━━━ Given material
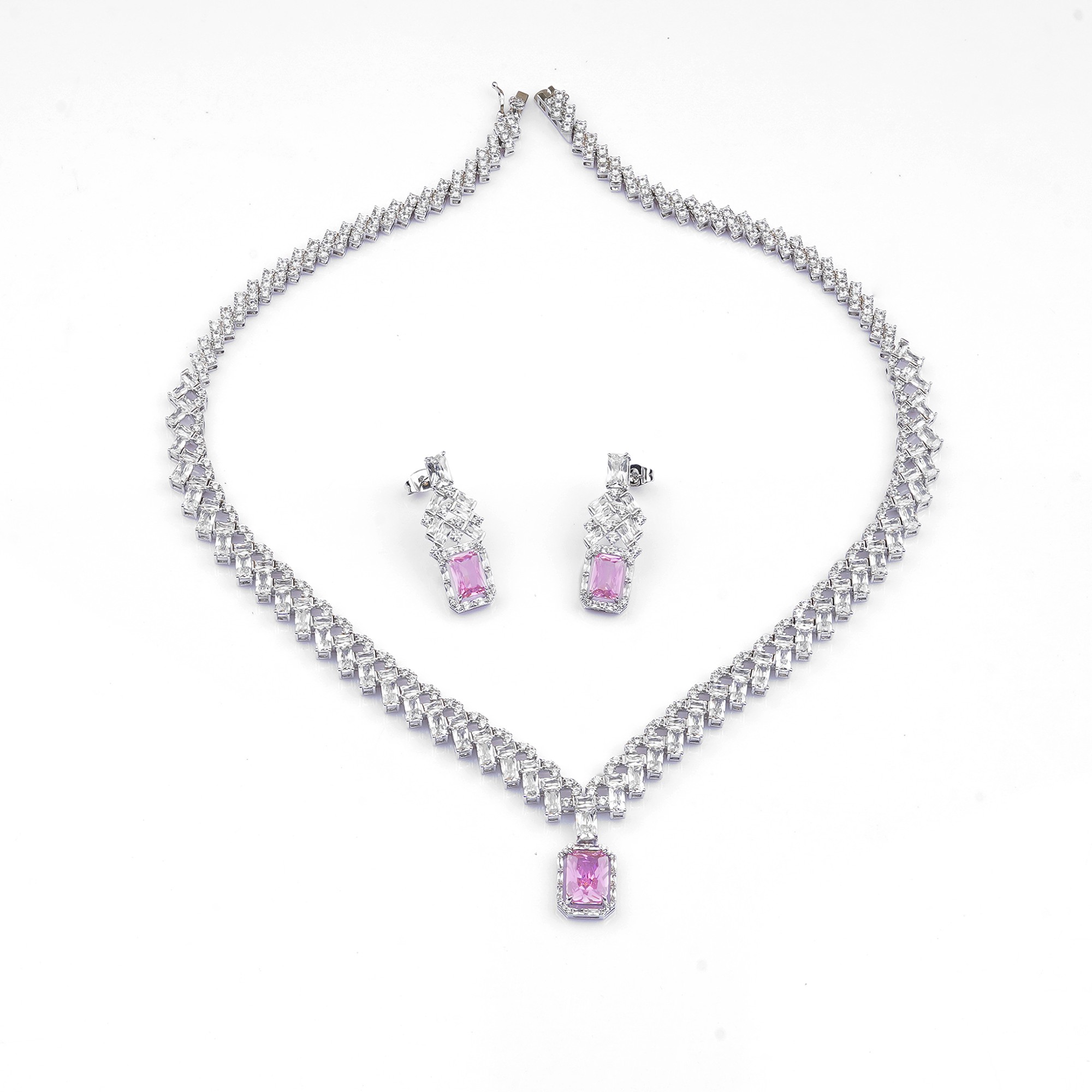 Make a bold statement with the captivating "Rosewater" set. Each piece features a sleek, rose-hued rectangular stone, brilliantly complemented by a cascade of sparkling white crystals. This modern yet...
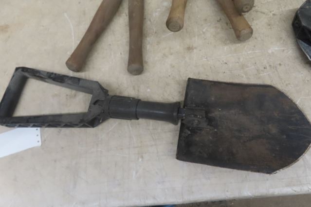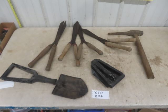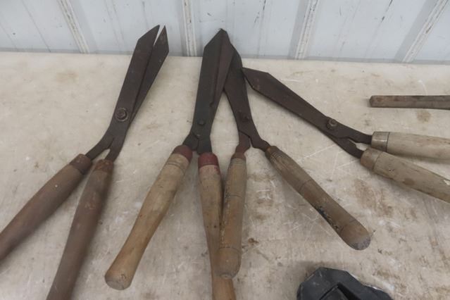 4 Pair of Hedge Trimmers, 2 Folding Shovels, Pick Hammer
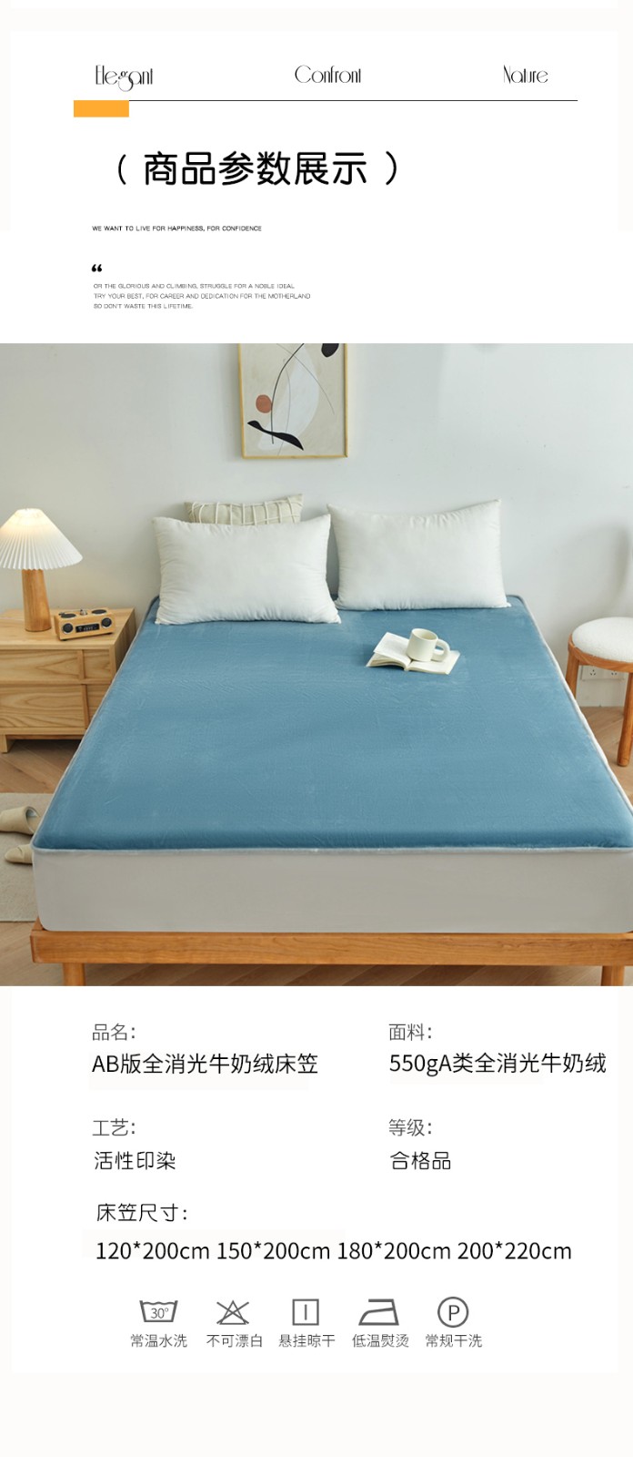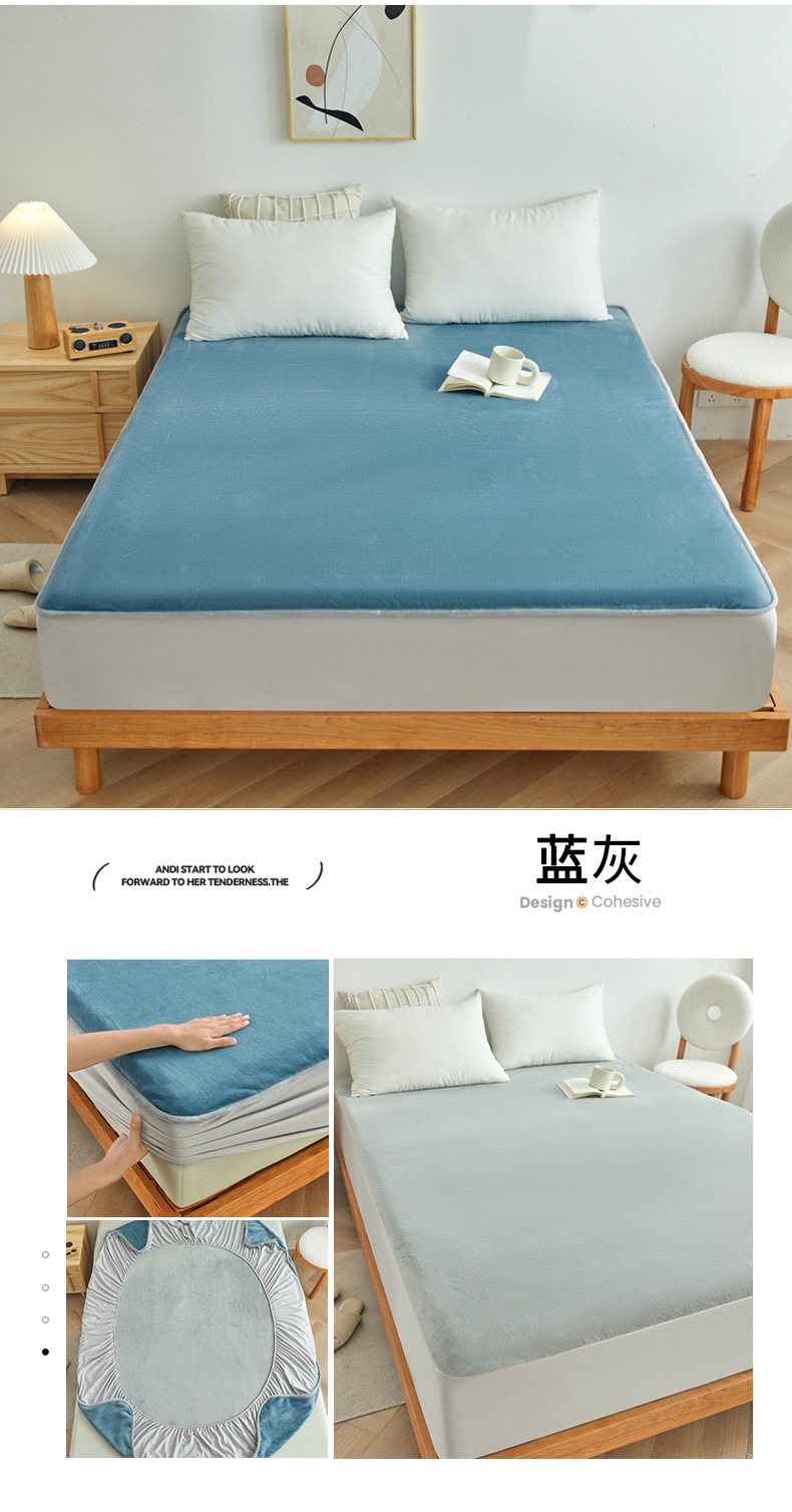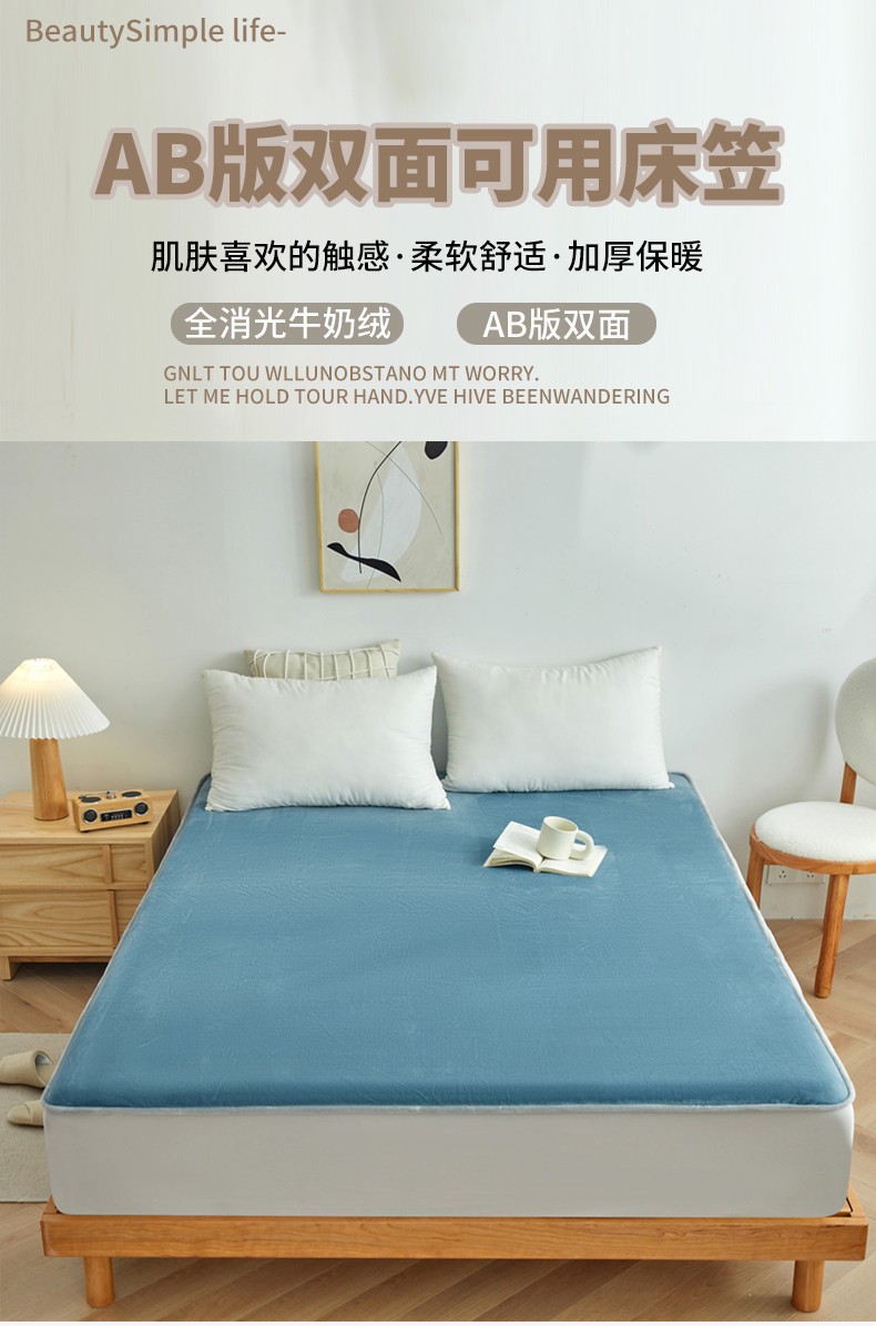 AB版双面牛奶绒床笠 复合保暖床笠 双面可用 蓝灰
━━━━━━
### Work task:
Please copy the data above exactly; the pictures do not belong in the copy.

### Exercise solution:
 Make a bold statement with the captivating "Rosewater" set. Each piece features a sleek, rose-hued rectangular stone, brilliantly complemented by a cascade of sparkling white crystals. This modern yet...
 4 Pair of Hedge Trimmers, 2 Folding Shovels, Pick Hammer
 AB版双面牛奶绒床笠 复合保暖床笠 双面可用 蓝灰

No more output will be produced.